[[ GIVEN INFORMATION, beginning ]]

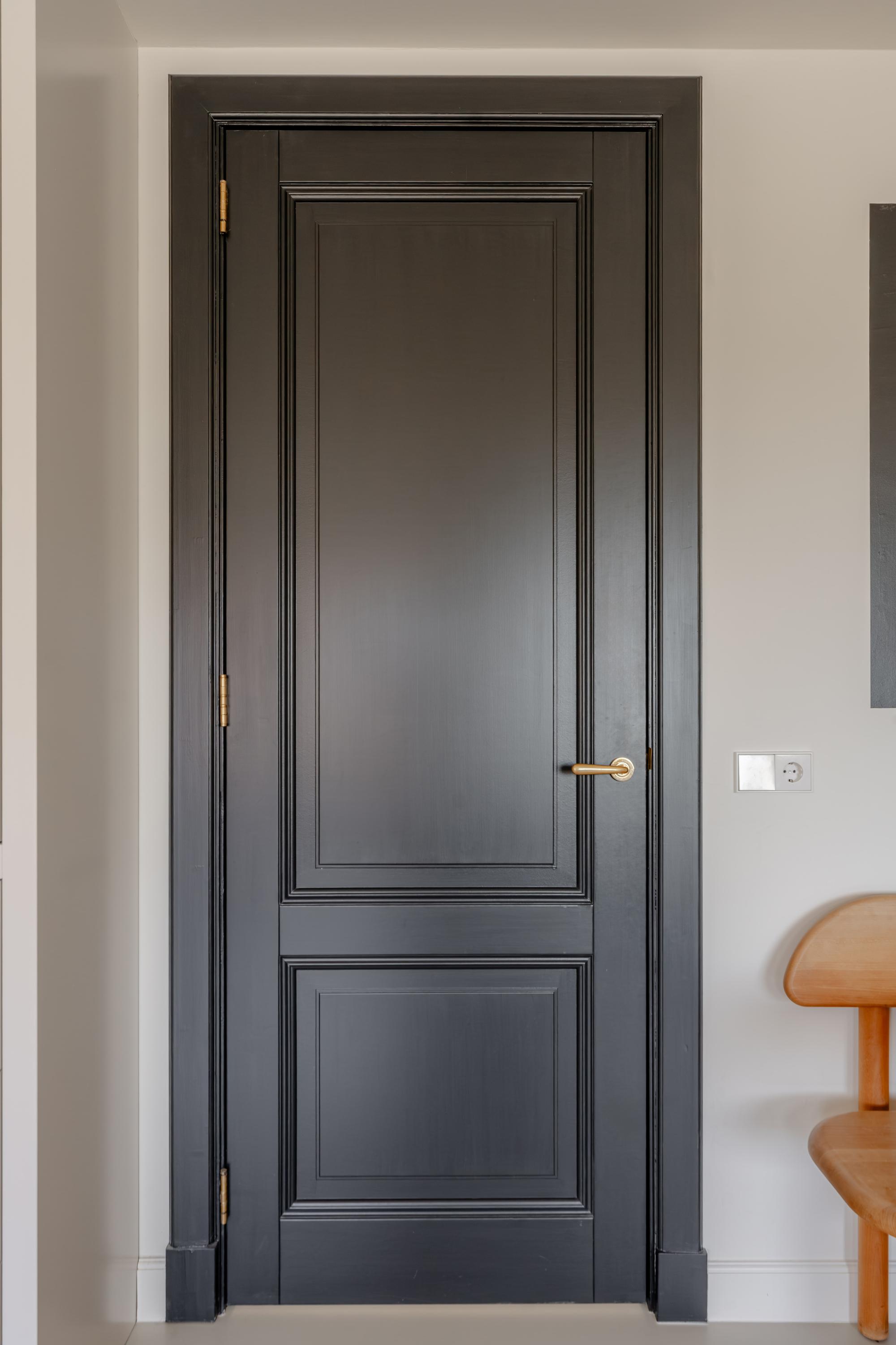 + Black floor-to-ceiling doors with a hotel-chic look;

[[ GIVEN INFORMATION, end ]]
[[ GIVEN INFORMATION, beginning ]]

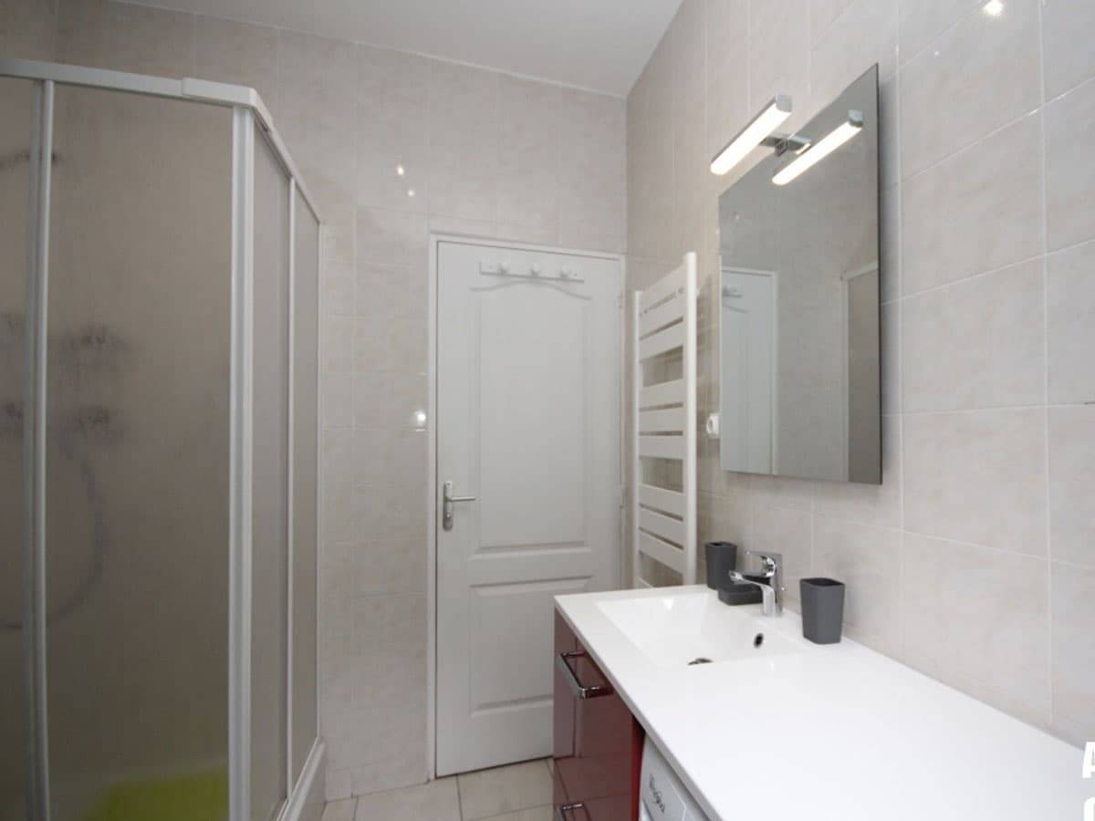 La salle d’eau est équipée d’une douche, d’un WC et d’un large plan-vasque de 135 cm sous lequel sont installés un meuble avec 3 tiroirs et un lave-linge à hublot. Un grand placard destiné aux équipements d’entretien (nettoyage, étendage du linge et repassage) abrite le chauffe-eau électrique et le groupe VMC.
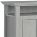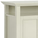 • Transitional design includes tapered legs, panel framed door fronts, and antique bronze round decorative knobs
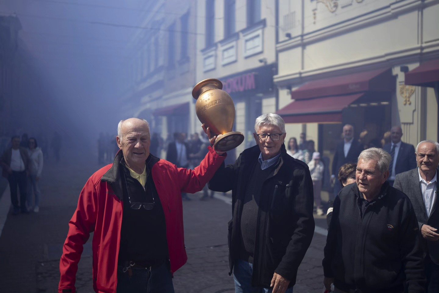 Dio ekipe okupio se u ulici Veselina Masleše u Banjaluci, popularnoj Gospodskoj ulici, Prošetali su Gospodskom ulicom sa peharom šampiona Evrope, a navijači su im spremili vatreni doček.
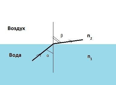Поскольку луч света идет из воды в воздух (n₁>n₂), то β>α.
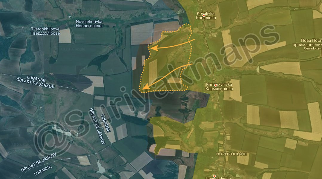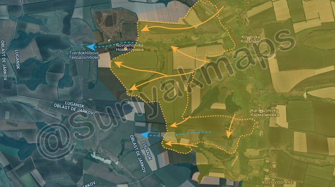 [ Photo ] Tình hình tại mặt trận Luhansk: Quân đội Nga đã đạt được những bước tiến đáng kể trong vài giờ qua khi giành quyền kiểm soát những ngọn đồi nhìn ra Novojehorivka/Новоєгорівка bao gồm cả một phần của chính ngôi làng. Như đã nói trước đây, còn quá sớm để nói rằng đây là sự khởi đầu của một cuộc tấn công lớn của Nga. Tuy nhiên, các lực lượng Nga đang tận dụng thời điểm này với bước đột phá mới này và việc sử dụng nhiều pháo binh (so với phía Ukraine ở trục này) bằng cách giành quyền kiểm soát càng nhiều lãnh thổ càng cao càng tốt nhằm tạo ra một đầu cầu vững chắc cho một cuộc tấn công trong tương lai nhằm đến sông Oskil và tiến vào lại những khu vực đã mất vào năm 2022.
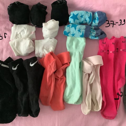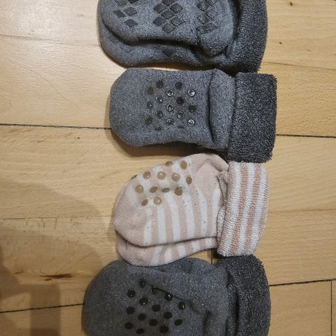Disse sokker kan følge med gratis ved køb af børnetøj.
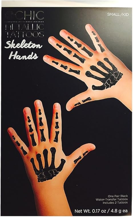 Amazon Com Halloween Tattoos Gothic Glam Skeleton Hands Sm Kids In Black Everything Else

[[ GIVEN INFORMATION, end ]]
[[ GIVEN INFORMATION, beginning ]]

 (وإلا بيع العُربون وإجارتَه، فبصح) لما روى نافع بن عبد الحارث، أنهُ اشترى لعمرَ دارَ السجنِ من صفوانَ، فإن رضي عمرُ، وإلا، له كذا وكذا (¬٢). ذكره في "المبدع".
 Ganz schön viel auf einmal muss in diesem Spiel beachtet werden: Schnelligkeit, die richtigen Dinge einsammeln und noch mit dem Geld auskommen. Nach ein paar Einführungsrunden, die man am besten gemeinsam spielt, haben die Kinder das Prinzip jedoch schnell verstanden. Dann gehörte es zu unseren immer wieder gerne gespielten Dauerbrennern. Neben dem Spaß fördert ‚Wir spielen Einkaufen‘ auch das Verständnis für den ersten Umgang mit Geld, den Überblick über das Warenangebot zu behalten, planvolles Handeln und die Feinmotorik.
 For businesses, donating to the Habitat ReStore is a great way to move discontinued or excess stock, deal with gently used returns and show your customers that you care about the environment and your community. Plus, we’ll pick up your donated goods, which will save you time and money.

[[ GIVEN INFORMATION, end ]]

GOAL OF THE EXERCISE: Go back to the listing above and write out the lines starting at the one with "Disse sokker kan" and ending at the one with "Amazon Com Halloween", inclusive, exactly and without pictures.

THE ANSWER:
Disse sokker kan følge med gratis ved køb af børnetøj.
 Amazon Com Halloween Tattoos Gothic Glam Skeleton Hands Sm Kids In Black Everything Else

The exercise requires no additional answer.